# Some Nicer Medicines



## RIBottleguy (Sep 22, 2010)

Some medicines that I picked up recently.  If anyone has any value estimates, feel free to throw them out there.  Otherwise, enjoy the bottles!

 Colored Alabama druggist.  






 LeGrande's Arabian Catarrh Remedy NY.  





 Nice large Taunton, Mass. pharmacist bottle








 A Phelp's Rheumatic Elixir from Scranton in an unmistakable violet color.  Looks darker in person





 Dr. Dadirrian's Zoolak or Matzoon.  Weird name, apparently a fermented milk beverages according to older posts.

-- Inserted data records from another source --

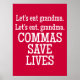 Dekorieren Sie Ihr Klassenzimmer mit diesem kühnen, stilvollen, lustigen und beliebten Poster. Dies ist das perfekte Geschenk für Lehrer, vor allem Englisch und Grammatik Lehrer. Es würde fantastisch aussehen, wenn es in einem Klassenzimmer oder einem Schulbüro angezeigt würde. Dieses Poster zeigt fett weißen Text auf einem soliden roten Hintergrund. Der Text lautet: "Lass’s Eat Oma. Lass's Eat, Oma. COMMAS RETTE LEBEN". Dieses Poster ist in verschiedenen Papiertypen und in verschiedenen Größen erhältlich, um Ihre eigenen Bedürfnisse Anzug. Nicht Lehrer? Wie bereits gesagt, dieses Plakat würde ein fabelhaftes Geschenk für den Lehrer Ihres Kindes, für Ihre Freunde, die Lehrer sind, neue Lehrer, etc. machen! Zazzle Plakate sind von hervorragender Qualität, daher weiß ich, dass Sie mit Ihrem Kauf zufrieden sein werden. Zeichnen Sie das Poster so, dass es noch schöner aussieht, während es angezeigt wird. Sie können dieses Produkt mit Ihren Freunden in den sozialen Medien teilen. Bitte senden Sie mir per Zazzle eine Nachricht, wenn Sie Fragen oder Bedenken bezüglich des Designs dieses Produktes haben.
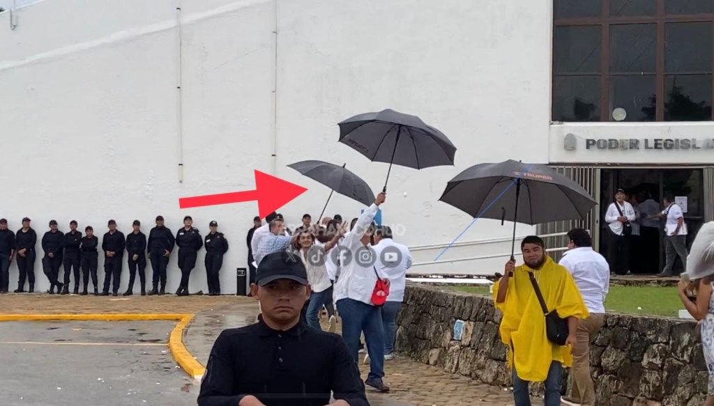 Diputadas y diputados entrantes, así como invitados tuvieron que usar paraguas como escudos ante los huevazos que recibieron a la entrada al recinto legislativo, justo a un lado de la plazoleta destruida, sin el asta bandera y sin la estatua de Don Andrés Quintana Roo, que permanece en escombros después de haberse suspendido la construcción de la cafetería por orden judicial federal, uno de los reclamos sociales que no ha sido escuchado y que ahora deberá atender la nueva Legislatura.
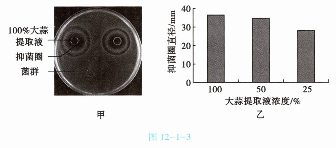 (3) 图 12 - 1 - 3 甲中加入 100%大蒜提取液后,周围出现了抑菌圈,说明大蒜可以______。据图 12 - 1 - 3 乙可知,效果最佳的大蒜提取液浓度是______。

 And lastly my personal favorite.  A Mrs. Dr. Freeman's Medicines, prepared by Fredk. A. Freeman, Boston
 The embossing is vertical and pretty faint, but it's nice and old, which is what caught my attention.


----------



## glass man (Sep 23, 2010)

NICER IS RIGHT! LOVE THE MOBILE BOTTLE!!


----------



## macjxl (Jan 8, 2020)

Here  are a couple of variations of the Dr Dadirrian's amber bottles


----------



## slugplate (Jan 8, 2020)

Great pickups. I love the meds. Also, is the Freeman's de-bossed or embossed? I couldn't tell by the pic. In my mind, that would be a pretty penny. Exact value, IDK.


----------



## WesternPA-collector (Jan 8, 2020)

I like them all. The variety of old embossed medicine bottles out there is almost endless. Every doctor or town had their own.


----------



## RIBottleguy (Jan 12, 2020)

I had to laugh because this post is 10 years old!  The Freemans is lightly embossed.


----------



## sandchip (Jan 13, 2020)

Has Rhode Island been on here lately?  Hope all is well with him.


----------



## slugplate (Jan 13, 2020)

RIBottleguy said:


> I had to laugh because this post is 10 years old!  The Freemans is lightly embossed.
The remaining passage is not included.